Sim, estamos a preparar uma série de novidades na plataforma para 2021, entre as quais, mais facilidade nos pagamentos aos profissionais, através da extensão do serviço Multibanco, actualmente restrito a um único tipo de produto.

Vão também ser criados mais verticais de serviços, alguns deles associados a energias renováveis e green building, domótica e afins. Adicionalmente, continuaremos atentos aos nossos utilizadores, para adaptarmos cada vez mais o produto às suas necessidades.

Quais as cidades do País que registou uma maior procura e em que áreas?

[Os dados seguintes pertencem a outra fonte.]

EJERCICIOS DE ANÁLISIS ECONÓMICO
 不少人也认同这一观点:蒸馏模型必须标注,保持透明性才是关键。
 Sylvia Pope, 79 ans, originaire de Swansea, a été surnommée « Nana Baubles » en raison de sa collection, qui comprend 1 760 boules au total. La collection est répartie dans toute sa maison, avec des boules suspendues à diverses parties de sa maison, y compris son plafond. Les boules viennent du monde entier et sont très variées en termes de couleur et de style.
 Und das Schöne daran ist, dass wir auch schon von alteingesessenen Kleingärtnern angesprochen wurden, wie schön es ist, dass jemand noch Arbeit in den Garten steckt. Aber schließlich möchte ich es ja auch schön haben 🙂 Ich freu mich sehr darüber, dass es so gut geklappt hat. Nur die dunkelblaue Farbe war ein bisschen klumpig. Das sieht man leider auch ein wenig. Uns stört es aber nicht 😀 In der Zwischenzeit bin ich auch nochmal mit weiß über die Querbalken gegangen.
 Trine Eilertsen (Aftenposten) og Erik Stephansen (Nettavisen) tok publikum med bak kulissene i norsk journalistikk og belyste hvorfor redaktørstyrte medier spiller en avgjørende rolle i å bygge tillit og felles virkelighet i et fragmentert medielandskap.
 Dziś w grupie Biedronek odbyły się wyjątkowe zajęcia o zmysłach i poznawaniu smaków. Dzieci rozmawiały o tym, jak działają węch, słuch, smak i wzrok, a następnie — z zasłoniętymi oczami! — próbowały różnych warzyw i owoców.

Setúbal, Braga e Faro estão no top das cidades onde a actividade da plataforma foi mais intensa. Nestes locais, dentro das 47 categorias de serviço disponíveis, as mais procuradas foram a Remodelação de Casas, a Pintura, a Construção de Casas, a Caixilharia, a Carpintaria, a Climatização e a Limpeza.

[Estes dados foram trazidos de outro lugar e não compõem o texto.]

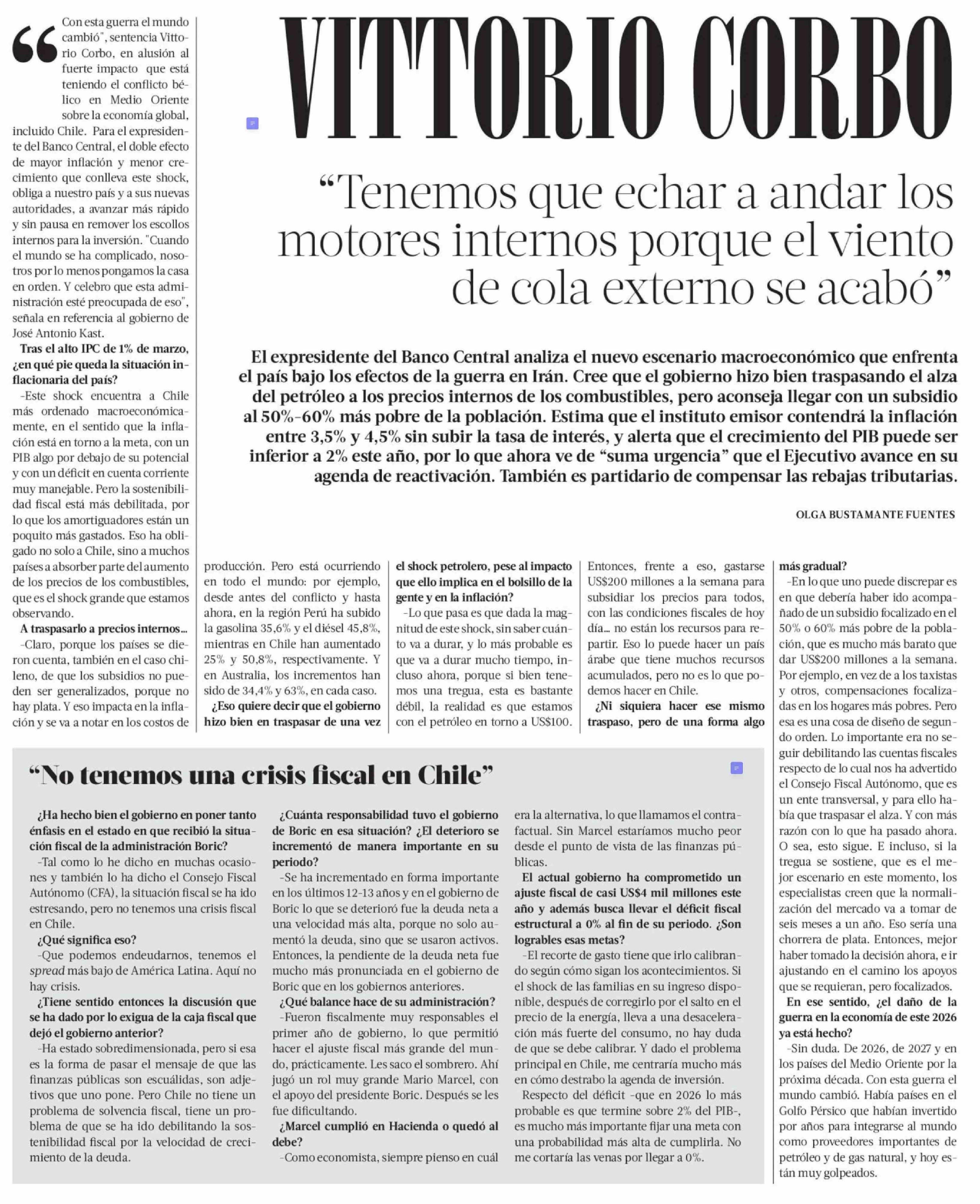 VITTORIO CORBO "Tenemos que echar a andar los motores internos porque el viento de cola externo se acabó" 12-04-2026 La Tercera |

Estas foram também cidades onde a plataforma registou aumentos muitos significativos nos registos de profissionais em busca de oportunidades de trabalho. Setúbal foi a terceira cidade do país onde os profissionais mais investiram na compra de contactos; Faro foi a quarta cidade e Braga a quinta.

Como é que os profissionais das várias áreas podem integrar a Habitíssimo? De que forma é que se processa?

A plataforma faz a ponte entre clientes, sejam eles particulares ou empresas/negócios, e profissionais do sector da construção e obras. A publicação do pedido de orçamento na plataforma é gratuito e o cliente recebe até quatro contactos de profissionais especializados nessa categoria de serviço e da zona geográfica em questão. A partir daí, a negociação do orçamento é directa entre o cliente e o profissional, sendo que o Habitissimo não recebe qualquer comissão sobre os trabalhos adjudicados através da plataforma.

A nossa receita advém em exclusivo do acordo com os profissionais. Uma vez registado, o profissional tem a opção de subscrever um Pack Profissional, que lhe dá acesso a destacar o seu negócio no nosso directório de empresas e a comprar os dados de contacto de clientes potenciais.